Esta conexão extragerativa do mundo material com o Divino é representada no terceiro andamento de Tetragrammaton IV através da amálgama tímbrica entre os membranofones utilizados (Primeiro Universo boehmiano representativo da acerbidade ou força negativa) e o vibrafone (Segundo Universo boehmiano, fonte da luz protectora e celestial ou força positiva). Sendo o tam-tam o único instrumento presente em toda a obra, percebemos a representatividade da magnitude divina neste idiofone, caracterizado por uma grandiosa sonoridade, no que se refere à pressão sonora e a sua acentuada gama de timbres e harmónicos.

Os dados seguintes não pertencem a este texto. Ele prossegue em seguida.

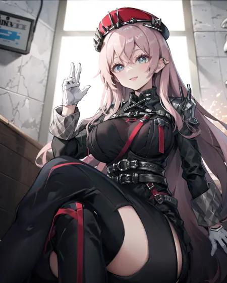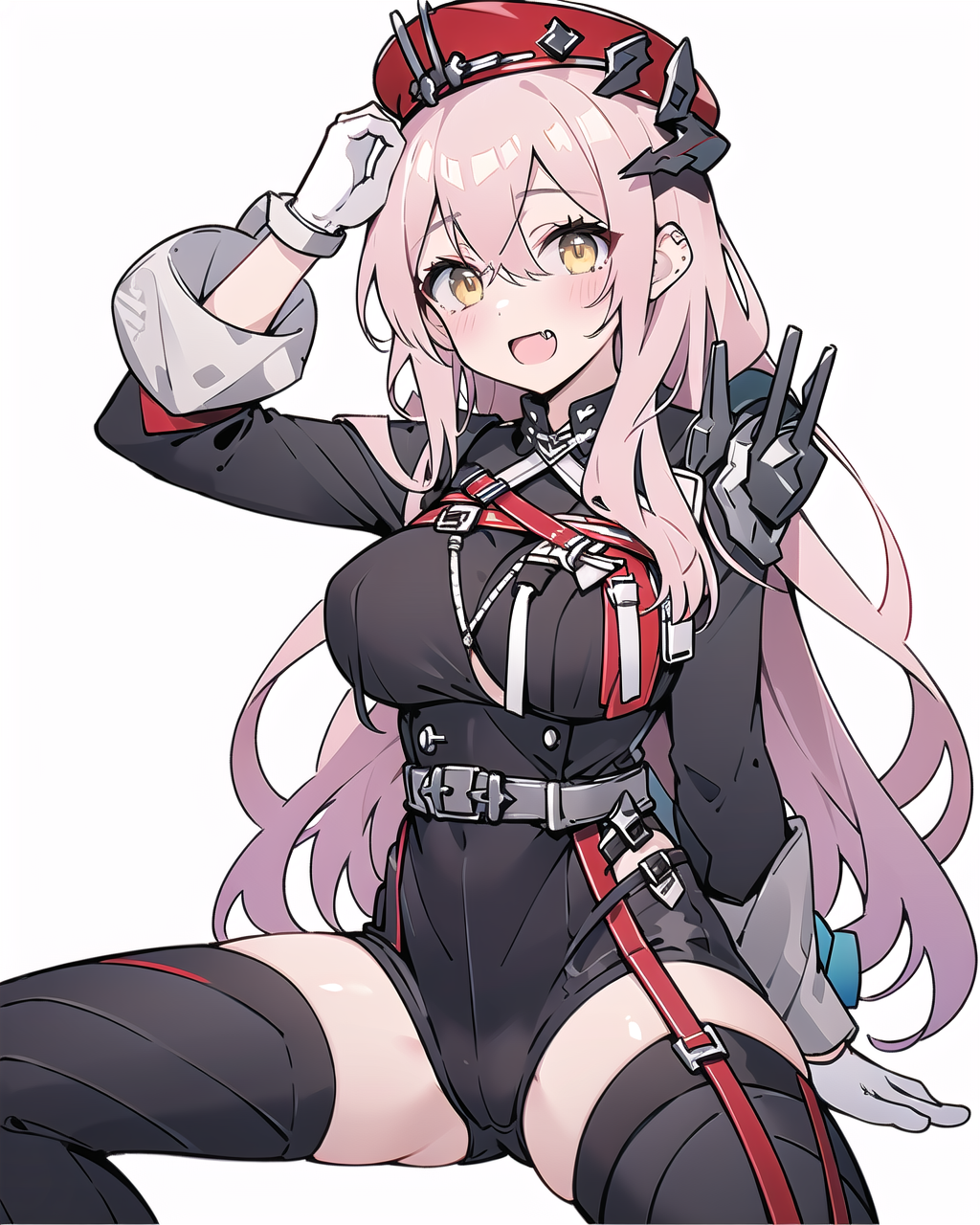 2.OG: origin、白い手袋、ベレー帽、ブラックの thighhighs;

[…] a utilização do tam-tam como vetor na obra se dá não como Deus, mas como reflexo de

Deus pela presença ininterrupta, pelos desdobramentos de harmônicos quase infinitos (a cada ataque próprio e a cada sonoridade que surge refletida em seus harmônicos involuntários). 21

Há que se dar particular atenção ao inesperado início do terceiro andamento, propiciado pela brusca mudança de carácter trazida pela utilização dos wood-blocks em dinâmica f. Mesmo que na performance eles devam estar interligados, pela necessidade de se retratar nesta obra a tri-unidade destes três universos, o momento deste surgimento desperta-nos – talvez de um belo sonho – para uma árdua e desafiadora factualidade, através do seu timbre penetrante, agressivo, muito distinto das paisagens sonoras vivenciadas anteriormente. Este desafio caracteriza fundamentalmente a execução deste andamento, levando à conciliação entre estes universos tímbricos distintos, correspondentes ao Primeiro e ao Segundo Patamares da Essência Divina, segundo Boehme.

O ‘portal modulatório’ entre estes dois universos é representado em VITRIOL pelas maracas, apresentando sonoridade relativamente indefinida quanto à articulação, e significativamente ligadas à conexão com o mundo espiritual, no universo ritualístico dos índios. Através deste pivot ritualista, a Luz Divina manifesta-se, no nosso caso, no vibrafone e o percurso evolutivo da natureza é representado através da sonoridade das maracas, simbiotizadas nos demais membranofones, em substituição das baquetas convencionais. Este recurso é muito conhecido dos percussionistas da West-Side Story, de Leonhard Bernstein, embora aí se encontre num contexto etnográfico estilizado, muito distinto do de Victorio, na presente obra.

É evidente que as associações estabelecidas, por mais que a obra remeta claramente o seu conteúdo a uma referência filosófica, são especulativas, podendo outro intérprete encontrar caminhos muito distintos dos percorridos acima, no intuito de buscar alegorias simbólicas que auxiliem a interpretação de Tetragrammaton IV.

– Modulação/Transfiguração

A terminologia “modulação” é utilizada geralmente na música para expressar a mudança de um centro tonal, tendo como referência a estrutura da harmonia de tradição ocidental. No século XX, a partir de Elliot Carter, passa a ser utilizada mais frequentemente a terminologia “modulação métrica” para a alteração de um pulso rítmico inicial motivado pela artificialização rítmica elaborada dentro do mesmo, constituindo, portanto, um “ritmo pivot” para que se estabeleça um novo pulso e um novo andamento.

Esta concepção de modulação poderia ser estendida às demais alterações ou explorações timbricas e motívicas recorrentes no trabalho composicional ou interpretativo em geral. Nessa medida, utilizaremos no âmbito desta investigação a terminologia modulação para expressar as variações ou transmutações nos aspectos tímbricos, motívicos, métricos e rítmicos para a obra Tetragrammaton IV, por apresentar no seu discurso musical uma intensa diversidade.